And then there is the pound and they will never mention that the Danes have their DKR and the Swedes their SKR and not worried at all.
Turkey, oh dear, there is not one country in the EU who wants Turkey to join, The EU is not in any position for any expansion and Turkey is in no shape to join, just a fact, and should that ever come to a vote the decision has to be unanimous.
Poor Cameron cannot say it as he is the Prime Minister and he cannot speak for other EU members nor does he want to offend Turkey as they are part of a refugee solution perhaps,
And as for looking from some distance, the Commonwealth countries are not keen on any Empire replay and suggest Britain should use its strength within the EU rather than outside it.
There is not one country in this world that will find Britain stronger if a Brexit. And non of those countries are in the top 10 for British export or import.
Some stuff to like in here, but some of it is plain stupid.
You want eventually something like the Euro, but not much more political union. Meanwhile, European governments are pushing towards tighter political union in order to deal with the problems caused by the Euro. Y'see, currency unions don't work very well without corresponding fiscal unions, and since one of the big jobs of governments is still taxing and spending, for the Euro to work then major portions of government policy have to be decided at the European, not national, level. Hmmm.
You see the EU as "a defence against local knee-jerk narrow-mindedness at Westminster." Well, at least it's _honestly_ anti-democratic.
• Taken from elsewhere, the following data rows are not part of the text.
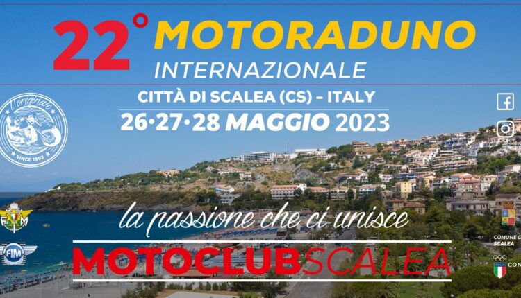 SCALEA :: 24/05/2023 :: Il 26, 27 e 28 maggio si terrà a Scalea, in provincia di Cosenza, la 22esima edizione del “Motoraduno Internazionale Città di Scalea”. Come in ogni edizione ci saranno spettacoli ed eventi, musica live, ma anche spettacoli attrazioni. Le iscrizioni partiranno da venerdì 26 alle ore 8:30.
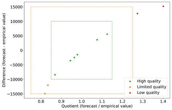 Figure 5 shows the quality levels of the forecasts based on the previously defined indicators by mapping the calculated quality to each forecast data point. The residuals are calculated based on the deviation in the difference between the forecast and empirical value. Figure 6 indicates the forecast quality of the UCMX model based on the residuals and the quotient, as well as the set bounds.
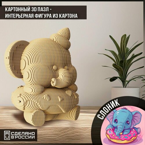 Картонный конструктор (3D пазл, интерьерная фигура голова) "животные слоник ( игрушка, пончик, милота ) - 102"
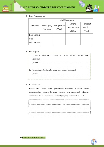E-LKPD Sistem Koloid Berpendekatan Etnosains
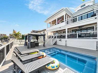 “Step outside to enjoy one of the six decks, four offering jaw-dropping views of fiery sunsets over the bay,” McGonigle said. “Dive into your private in-ground pool, challenge friends to a round on the putting green or take your boat out with ease thanks to the state-of-the-art lift.” Out front, composite stairs ascend to the porch, covered by a second-floor deck with a mahogany plank ceiling matching the one out back.
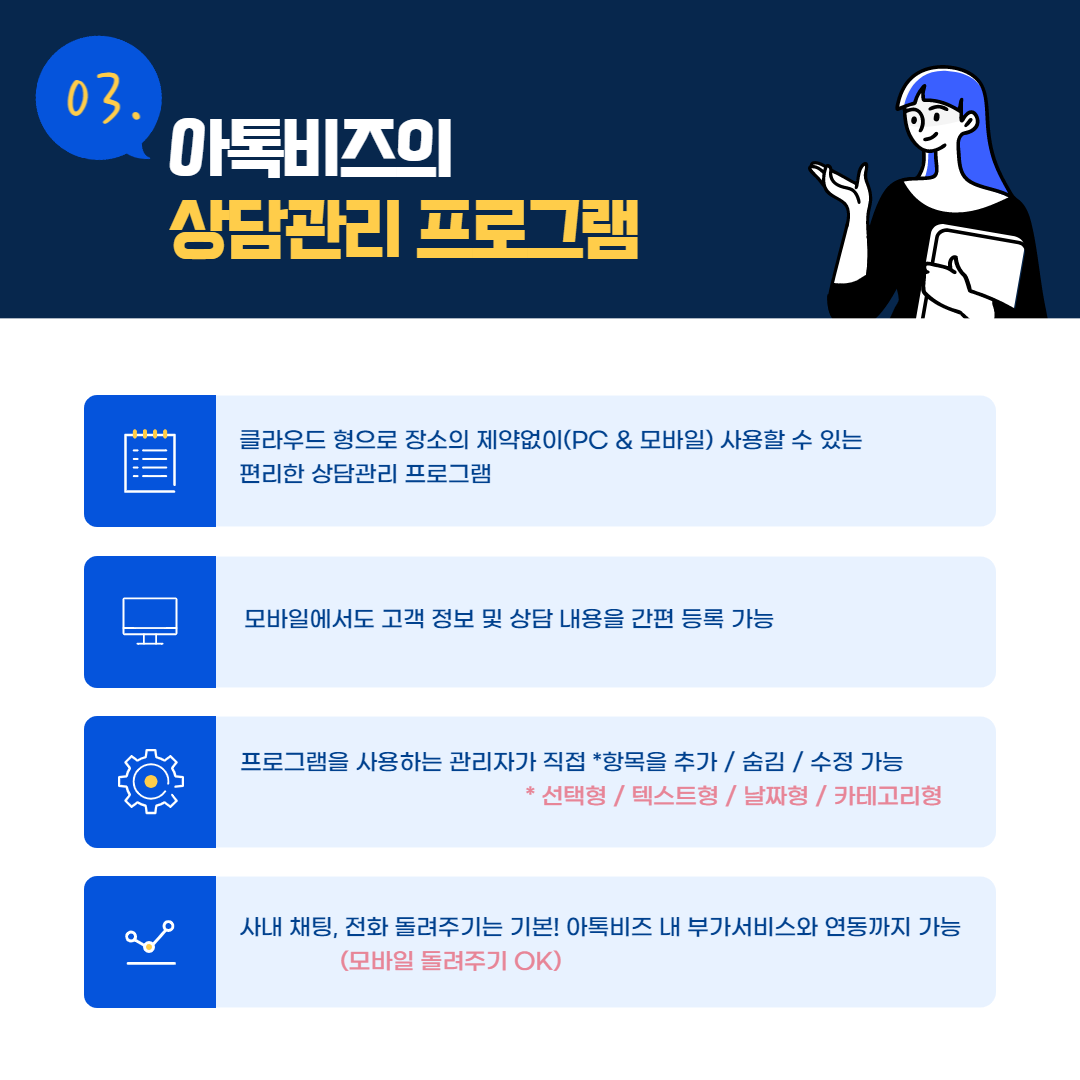 고객과 상담 관리는 이제 아톡비즈의 상담관리 프로그램(CRM)으로 해보세요.
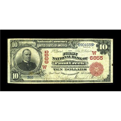 <B>Pond Creek, OK</B></I> - $10 1902 Red Seal Fr. 613 <B>The First NB</B></I> Ch. # (W)6655<BR>This is the most "common" bank in either the Oklahoma or Indian Territories for Red Seals, with eight examples in the census. Of course, that figure should also take into account that the entire census for both Oklahoma and Indian Territory Red Seals still comes in at fewer than a hundred pieces for all denominations and banks combined. This is a very attractive specimen, with a vivid red overprint, good centering, and the pen signature of Assistant Cashier Naomi Wheatley, likely one of the very few females to have signed Territorial National Bank Notes. Sharp <B>Fine-Very Fine.</B></I><BR><BR><b>Shipping:</b> Coin/Currency (<a target="_blank" href="http://www.heritageauctions.com/common/shipping.php">view shipping information</a>)

You're saying, in about as many words, that you prefer to be ruled by unelected bureaucrats than by an elected government. Why not abolish parliament and bring back the personal rule?
"Why not push more of the enterprise and creativity (and probity and humour, even!) of the UK into EU institutions and make it work better for everyone?" Because we tried that; look at exactly what Cameron won. If this whole exercise has shown us anything, it is that the EU is unreformable because those who run it don't want change.
Because we tried that…
We didn't. Call-me-Dave found he was in a spot because of a stupid manifesto promise he decided he'd have to keep (the manifesto is normally ceremonially burnt on the night of the election) and asked the other member states what they could give him quickly. Quickly meant no treaty change, so nothing substantial could be offered. Even then, there must have been some impressive arm-twisting to come up with what they did.
But for the previous 5 years the UK government had plenty of chances to push for reform. Instead it chose to isolate itself such as when it came to the Euro area fudge.
Leaving means having to renegotiate from the start most of the deals we already have with our major trading partners. Except that the UK won't have the right of veto any more. It's a bit like voting to leave the UN but expecting to keep a seat on the Security Council. Well, it's worth a try, I suppose.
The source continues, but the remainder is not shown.